CHARGE TO THE COMMITTEE

This report was prepared by the Committee on Advancing Understanding of Gulf of Mexico Loop Current Dynamics in response to a request by the GRP of the National Academies of Sciences, Engineering, and Medicine (the National Academies) to design a suite of activities needed to better understand, model, and forecast the LCS (see Box 1.2). The committee’s goal was to provide the GRP with a set of actionable recommendations on a long-term observational set of campaigns, with complementary efforts in data-assimilative numerical circulation modeling necessary to improve the general understanding of LCS processes, thereby leading to significant improvements in both short-term and long-range predictability of LC/LCE position, evolving structure, extent, and speed. We seek to aid the GRP in investing research funds that will ultimately allow modelers to

• Improve predictive skill in forecasting the LC and/or LCE current speed, vertical structure, and duration out to a forecast period of a few days to 1 week
• Improve predictive skill in forecasting the extension of the LC (location and duration) and LCE propagation out to a forecast period of approximately 1 month
• Improve predictive skill in forecasting an eddy shedding event from an extended LC out to a forecast period of approximately 3 months

STUDY APPROACH AND METHODOLOGY

The Committee on Advancing Understanding of Gulf of Mexico Loop Current Dynamics was formed in late 2016 and completed its work over the course of 9 months. It held three meetings, two of which were used to gather input from numerous agencies and institutions on the history and current state of LCS research, observations, modeling efforts, emerging technology, and international efforts.
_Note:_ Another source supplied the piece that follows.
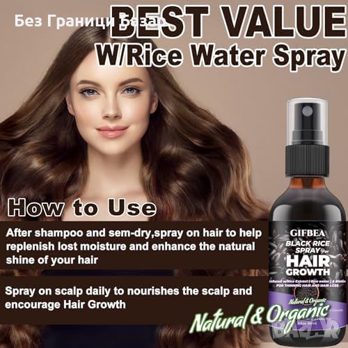 Комплект за възстановяване на косата: Шампоан и балсам с оризова вода от GIFBEA, обогатени с черен ориз, който съдържа фибри, желязо и витамини за здрава коса.

Report recommendations were developed and agreed on at the third meeting. Subcommittees of the committee responsible for specific topics within the study consulted regularly during the study period by phone and by email to exchange information.

Report Organization

This report begins with a brief primer on the LCS. In Chapter 2, it summarizes the current understanding of LCS dynamics, the state of observational data and technology availability, and numerical modeling and data assimilation limitations. In Chapter 3, the report then identifies gaps and makes recommendations to fill those gaps in the areas

of observations, observational technology, data assimilation and modeling, and scientific analyses. Finally, in Chapter 4, the committee recommends features and boundaries to the GRP regarding a solicitation to undertake an LCS observation and model improvement campaign during the ensuing decade.